Farmakogenetsko profiliranje pedijatrijskih onkoloških bolesnika: iskustvo jednog centra

Aim: As the results of pharmacogenetic studies are increasingly translated into clinical practice, the ultimate goal of personalising treatment for children with cancer seems achievable in the future. Our survey aimed to establish to what extent pharmacogenetics has already been utilised in everyday work.Methods: A retrospective survey on pharmacogenetic testing in children treated for malignancies at the Department of Oncology and Haematology, Children’s Hospital Zagreb, from 2021 to 2023 was carried out.Results: Pharmacogenetic testing was performed in 17.2% of the 180 children (53.3% female, median age 7.0 years), the greatest number of tests obtained in 2023. Preemptive testing included thiopurine S-methyltransferase polymorphisms (in 94.4% of children with acute lymphoblastic leukaemia and 33.3% with eosinophilic granuloma) and methylenetetrahydrofolate reductase gene poly-morphisms assaying (in 55.6% of acute lymphoblastic leukaemia and 23.1% of osteosarcoma patients).
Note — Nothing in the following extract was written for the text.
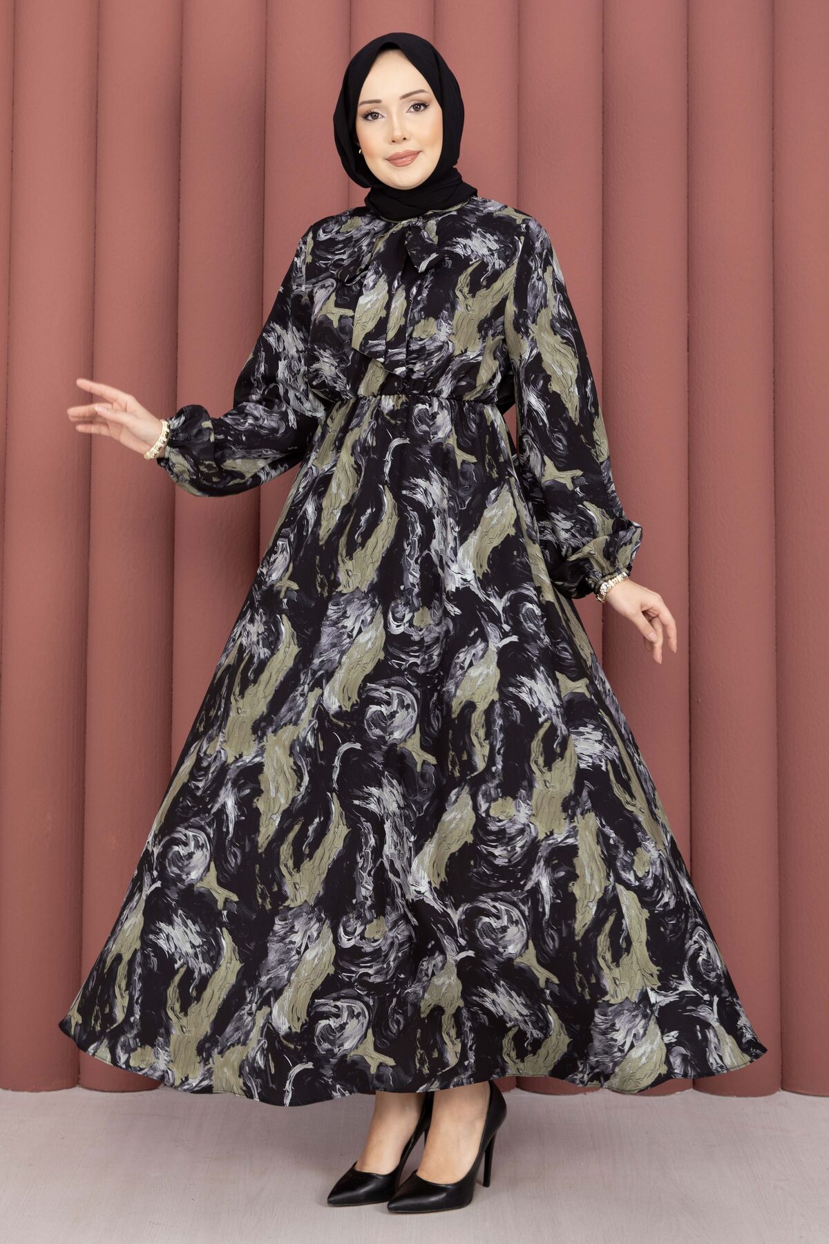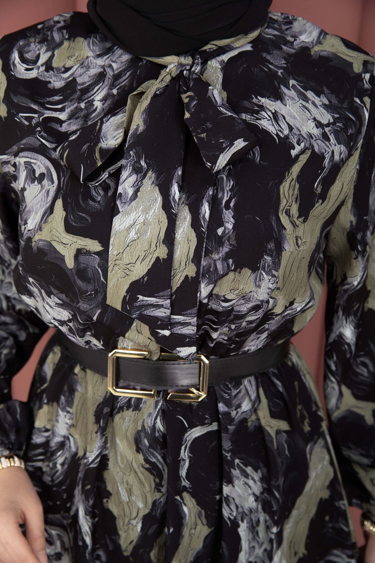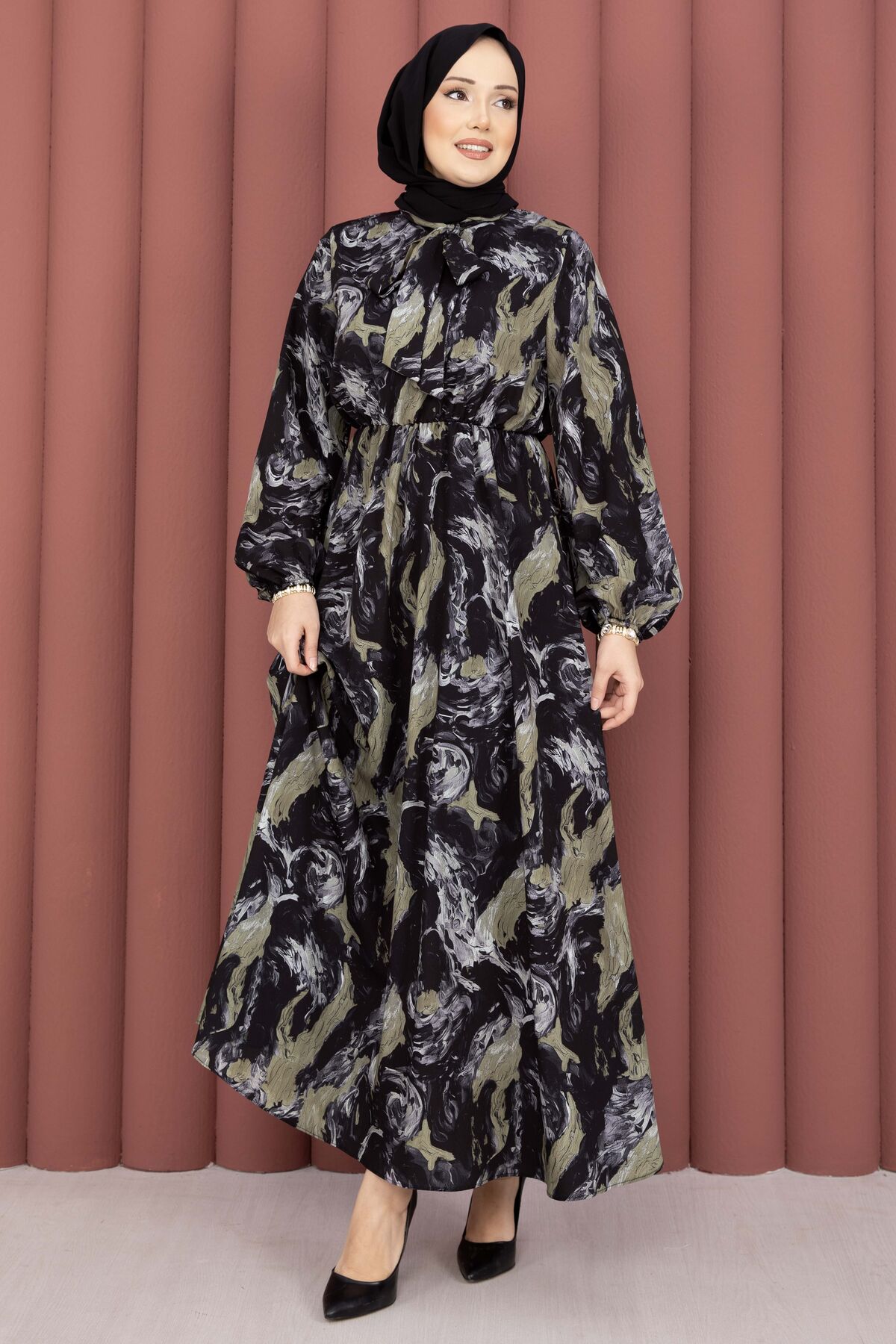 Fular Yakalı Desenli Tesettür Elbise Siyah

In 8 children, pharmacogenetic testing was made due to adverse events (25% lung and 75% liver injury, all grade 4), in the majority of cases presumably related to vincristine. Pharmacogenetic testing results were pathological in all reactively tested patients, requiring dose modification/chemotherapeutics omission in 87.5% of cases.Conclusion: The number of pharmacogenetic assays performed due to high-grade adverse events in children with cancer has been continuously rising, steering otherwise standardised treatment towards a more individualised approach. Preemptive thiopurine Methyltransferase Polymorphism testing has been routinely done in almost all patients planned to receive thiopurines. However, more research is needed on drug-gene pairs in the field of paediatric oncology to minimise treatment-related toxicity and optimise treatment outcomes.